For example, here is a summary() method for polygon objects that computes the ranges of the x- and y-coordinates.

## object an object of class "polygon"

summary.polygon <- function(object, ...) {
        object <- list(rng.x = range(object$xcoord),
                       rng.y = range(object$ycoord))
        class(object) <- "summary_polygon"
        object
}
Note

The summary method simply returns an object of class summary_polygon.

Now the corresponding print() method for summary.polygon objects:

## Note: x an object of class "summary_polygon"
print.summary_polygon <- function(x, ...) {
        cat("x:", x$rng.x[1], "-->", x$rng.x[2], "\n")
        cat("y:", x$rng.y[1], "-->", x$rng.y[2], "\n")
        invisible(x)
}

Now we can make use of our new polygon class and methods (summary() and print()).

## Construct a new "polygon" object
x <- make_poly(1:4, c(1, 5, 2, 1))
attributes(x)
$names
[1] "xcoord" "ycoord"

$class
[1] "polygon"

We can use the print() to see what the object is.

print(x)
a polygon with 4 vertices

And we can use the summary() method to get a bit more information about the object.

out <- summary(x)
class(out)
[1] "summary_polygon"
print(out)
x: 1 --> 4 
y: 1 --> 5 

Because of auto-printing we can just call the summary() method and let the results auto-print.

summary(x)
x: 1 --> 4 
y: 1 --> 5 
What next?

From here, we could build other methods for interacting with our polygon object.

For example, it may make sense to define a plot() method or maybe methods for intersecting two polygons together.

S4

S4 is a rigorous system that forces you to think carefully about program design.

It’s particularly well-suited for building large systems that evolve over time and will receive contributions from many programmers. This is why it is used by the Bioconductor project, so another reason to learn S4 is to equip you to contribute to that project.

The S4 system is slightly more restrictive than S3, but it’s similar in many ways.

Constructors in S4

  • To create a new class in S4 you need to use the setClass() function.
  • You need to specify two (or three arguments) for this function:
    • Class which is the name of the class as a string
    • slots, which is a named list of attributes for the class with the class of those attributes specified
    • (optionally) contains, which includes the super-class of they class you are specifying (if there is a super-class)
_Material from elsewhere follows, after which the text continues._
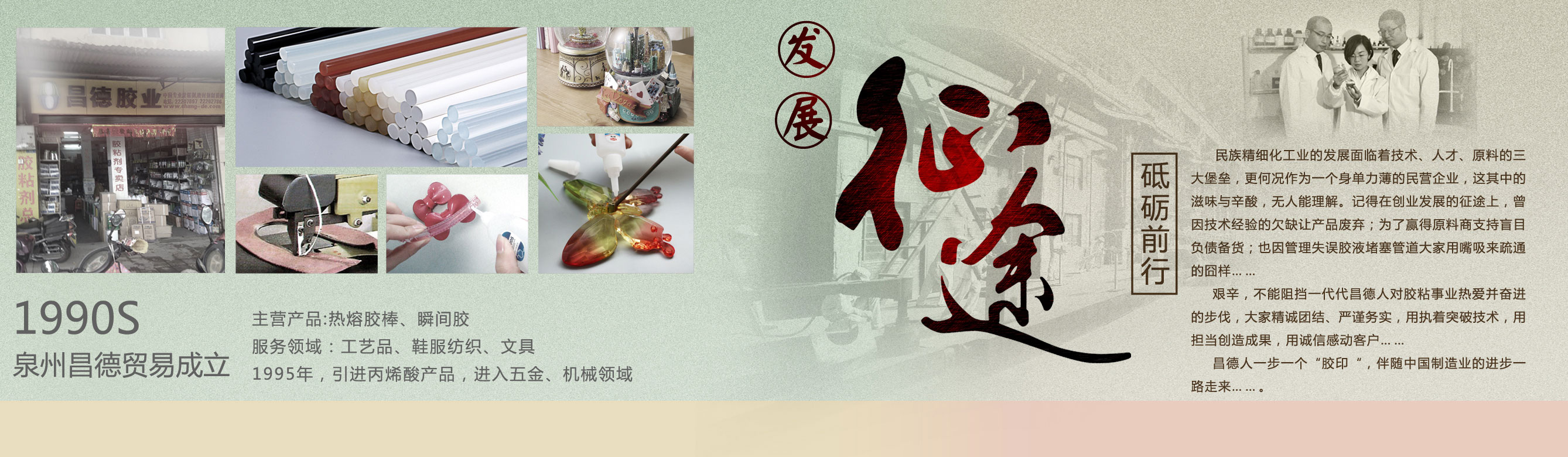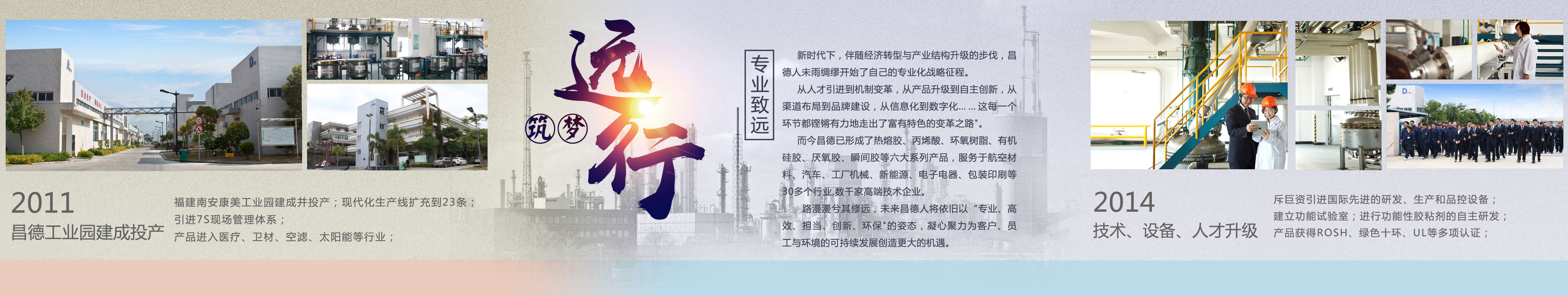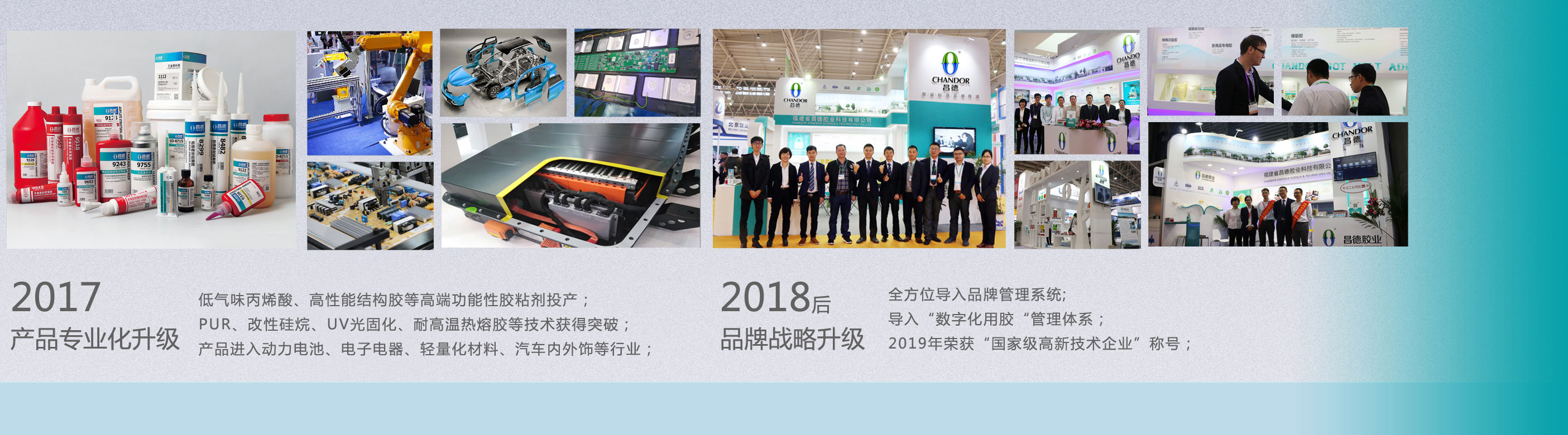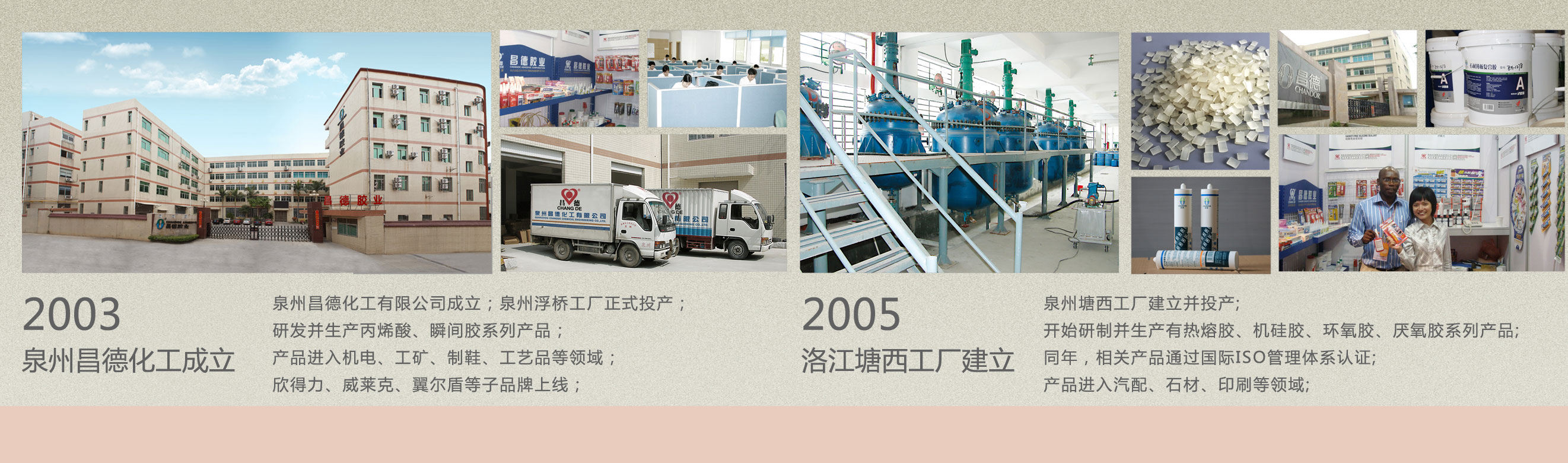 福建省昌德胶业科技有限公司是一家从事工业粘胶剂、密封胶研发、生产、销售的高新技术型企业。自1990年成立以来,以可靠的产品和服务,帮助客户解决制造、装配、维修等领域的粘接密封问题。

Take look at the class definition for a bus_S4 and a party_bus_S4 below:

setClass(Class = "bus_S4",
         slots = list(n_seats = "numeric", 
                      top_speed = "numeric",
                      current_speed = "numeric",
                      brand = "character"))
setClass(Class = "party_bus_S4",
         slots = list(n_subwoofers = "numeric",
                      smoke_machine_on = "logical"),
         contains = "bus_S4")

Now that we have created the bus_S4 and the party_bus_S4 classes we can create bus objects using the new() function. The new() function’s arguments are the name of the class and values for each “slot” in our S4 object.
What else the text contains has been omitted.